MATERIAL FOR THIS TASK –
========

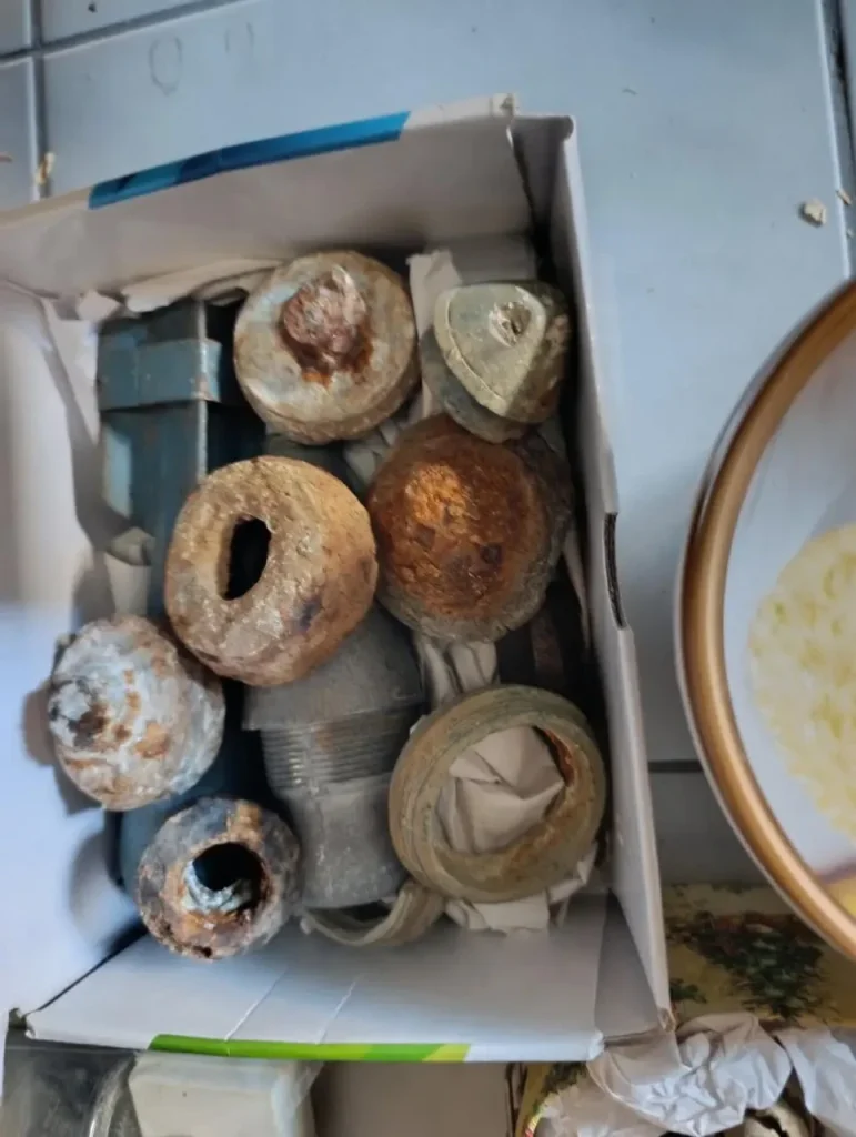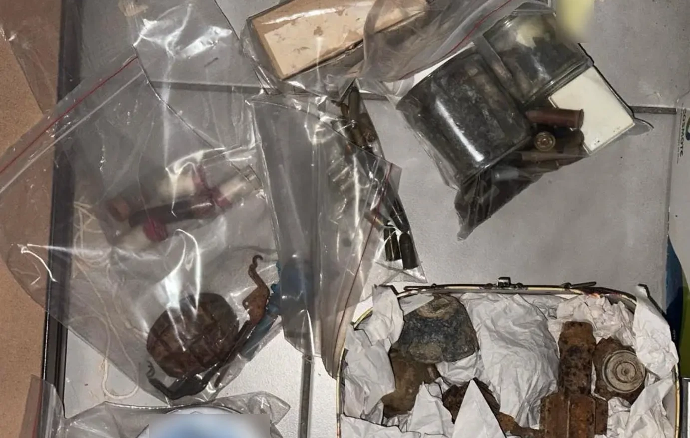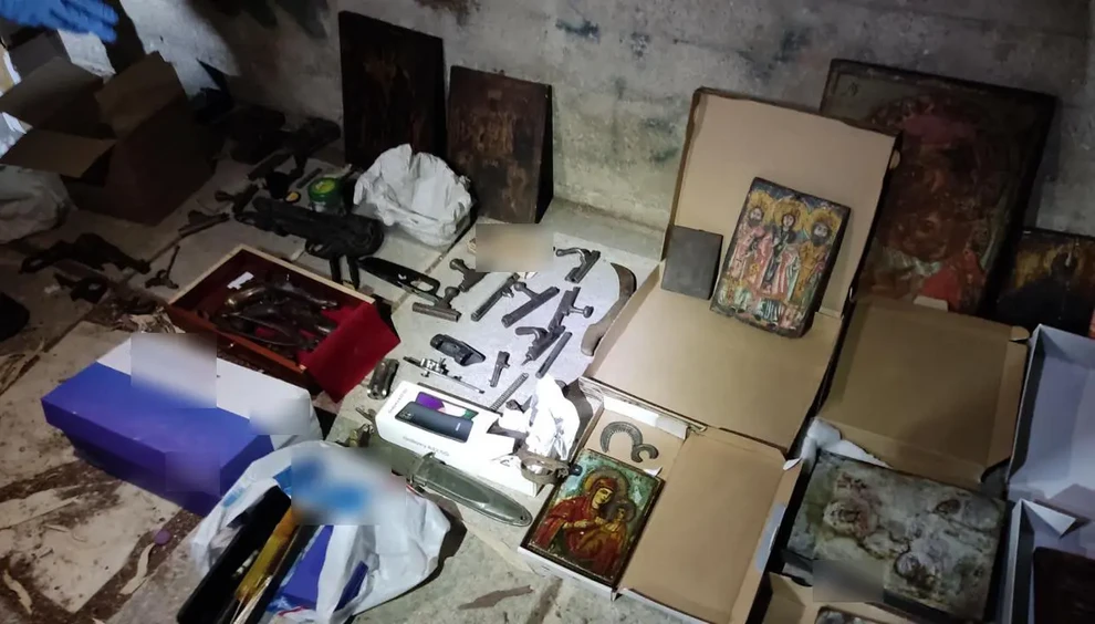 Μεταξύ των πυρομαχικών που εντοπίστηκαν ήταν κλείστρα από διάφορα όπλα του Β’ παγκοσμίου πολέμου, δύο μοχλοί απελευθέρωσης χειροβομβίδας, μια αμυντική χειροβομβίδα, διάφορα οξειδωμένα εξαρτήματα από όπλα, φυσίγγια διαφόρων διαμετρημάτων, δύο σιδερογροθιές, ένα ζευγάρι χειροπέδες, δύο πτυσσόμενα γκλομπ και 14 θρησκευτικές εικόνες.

========

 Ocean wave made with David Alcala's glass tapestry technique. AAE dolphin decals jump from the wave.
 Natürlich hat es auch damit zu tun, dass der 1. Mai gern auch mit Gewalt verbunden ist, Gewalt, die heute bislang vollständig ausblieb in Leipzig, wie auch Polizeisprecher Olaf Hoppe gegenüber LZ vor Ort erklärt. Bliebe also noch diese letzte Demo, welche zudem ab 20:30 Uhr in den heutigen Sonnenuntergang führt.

========

TASK TO CARRY OUT – Taking the lines above, repeat exactly those from the line that contains "Ocean wave made" through the line that contains "Natürlich hat es", and both of those lines as well. Include nothing else.

WRITTEN SOLUTION –
 Ocean wave made with David Alcala's glass tapestry technique. AAE dolphin decals jump from the wave.
 Natürlich hat es auch damit zu tun, dass der 1. Mai gern auch mit Gewalt verbunden ist, Gewalt, die heute bislang vollständig ausblieb in Leipzig, wie auch Polizeisprecher Olaf Hoppe gegenüber LZ vor Ort erklärt. Bliebe also noch diese letzte Demo, welche zudem ab 20:30 Uhr in den heutigen Sonnenuntergang führt.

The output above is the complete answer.